かんなづきに逢い引き

「繭、内定おめでとう!」

 ドアを開けて迎え入れて、サッカがそう言うなり飛びついてきたから、わたしはなんの身構えもできていなくって、一応、サッカを受け止めることは出来たけれど、よろめいて、尻餅をついてしまう。サッカはそれでもわたしから離れずに、一緒に倒れ込んできて、わたしに覆いかぶさるような格好をとっている。文句を言おうと思ったのに、にこ、にこと悪気なく笑っている、その顔を見ると、毒気を抜かれてしまって、ただ、息だけを吐いて、サッカの体を押しのけた。

 しぶしぶ、といった表情でわたしの上から退いたサッカは、けれども、体の横のポシェットからすぐに、角々した大きめのカメラを取り出すと、顔の前に構えて、シャッターを押した。口元がうかべる表情は、いつの間にか笑みに戻っていた。

「久しぶりの繭だ」

「うん、まあ、そうだけど」

「元気そうで安心したよ、私は。もう三ヶ月も会ってなかった」

「サッカも元気そうで良かった。ひさしぶりだけど」

「全然。元気なんかじゃなかったよ」

立ち上がりながら言葉を交わす。乱れてしまったワンピースの裾を直しながらそう言ったのに、返ってきたサッカの声は、びっくりするほど低く心細げだった。顔を上げてサッカの方を見ると、間髪入れずに、カシャ、とシャッターを押す音。カメラの横からひょいと顔をのぞかせたサッカは、なるほど、そう言う通り、今にも泣き出しそうな顔をしていた。

「就職活動だからって会えなくなって」

「ごめん」

「メールも電話も控えなくちゃいけなくって」

「……ごめん」

「繭が一生懸命なのは分かってたけど、私は元気などなくなったよ。寂しかった、寂しかったよ」

 サッカが言い募る。本当に、寂しい思いをさせていたのだろう。確かにわたしは一生懸命、というか、はじめての就職活動というものにありとあらゆる余裕をなくしてしまっていて、それだけでいっぱいいっぱいだったのだ。

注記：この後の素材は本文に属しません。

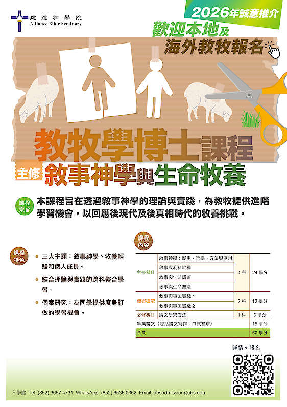 本課程旨在透過敘事神學的理論與實踐,為教牧提供進階學習機會,以回應後現代及後真相時代的牧養挑戰。課程著重深化牧者的神學思維與生命牧養能力,幫助教牧在講壇事奉、個人牧養及事工實踐中,有效塑造信徒的屬靈生命,引導信徒以基督為中心,建立清晰的身分認同,經歷持續的生命更新。

 でも、それももう終わりというわけだった。来年の春から、わたしもとうとう働くということをすることになる。

「サッカ」

 呼びかけて、両手を広げる。サッカは少しばかり目を見開いて、ぱち、ぱちと瞬きをすると、ぱあっと顔を輝かせて、わたしの腕の中へ飛び込んでくる。それをしっかりと受け止めて、よしよしと、頭を撫でる。サッカの短い髪はすぐにくしゃくしゃになってしまうけれど、サッカ自身はそれを気にとめる様子もなく、うれしそうに私に身を寄せている。その顔を見ると、わたしもなんだかうれしくなった。

 ふと視線を落とせば、わたしとサッカの胸の間でカメラが所在なさげに揺れている。

「……一緒に住もうか、来年の春から」

 わたしが呟くと、間髪入れず「えっ」という声がサッカの口から上がる。サッカはわたしに抱きついていた腕を離すと、その手で肩をつかんで、わたしをまっすぐに見つめてくる。

「本当?」

 不安そうな目で尋ねてくるのへ、力強く頷く。余裕なく動き回っている間に、ずっと考えていたことだった。

「サッカはカメラマンで、わたしはただの会社員で、今でさえ会いづらいのに、就職したらもっと都合がつかなくなるよ。それじゃあ、一緒に住むしかないじゃない」

 わたしがそう伝えても、サッカの顔はまだ不安そうにかげっている。わたしは次の言葉を選びかねて、ただただサッカのまなざしを見つめ返すことしか出来ない。サッカの唇がうすく開かれたかと思うと、一旦は閉じられて、すぐにまた開く。

「本当に、いいの?」

 わたしの肩をつかむサッカの手の力が、わずかに強くなる。きっと意識はしていない。強張った表情をどうにかほぐしてあげたくて、わたしはそれに笑いかける。

「サッカとなら、いいよ」

 何かを、こらえるように、サッカの唇がきっと引き結ばれる。目の端に涙が溜まっていた。それを指摘しようとするよりも先に、サッカの手がわたしの肩を離す。あっという間に、サッカの腕がわたしを抱きしめていた。

「うれしい、繭」

 少し震えた声が、ありがとう、と紡ぐ。どういたしまして、と呟いて、サッカの背中に腕をまわし、抱きしめ返す。温かかった。どくん、どくんと心臓が血を送り出す音を感じた。それがどちらのものかまでは分からなかった、ふたりの音が混じり合っているのかもしれなかったし、それでも構わないと思った。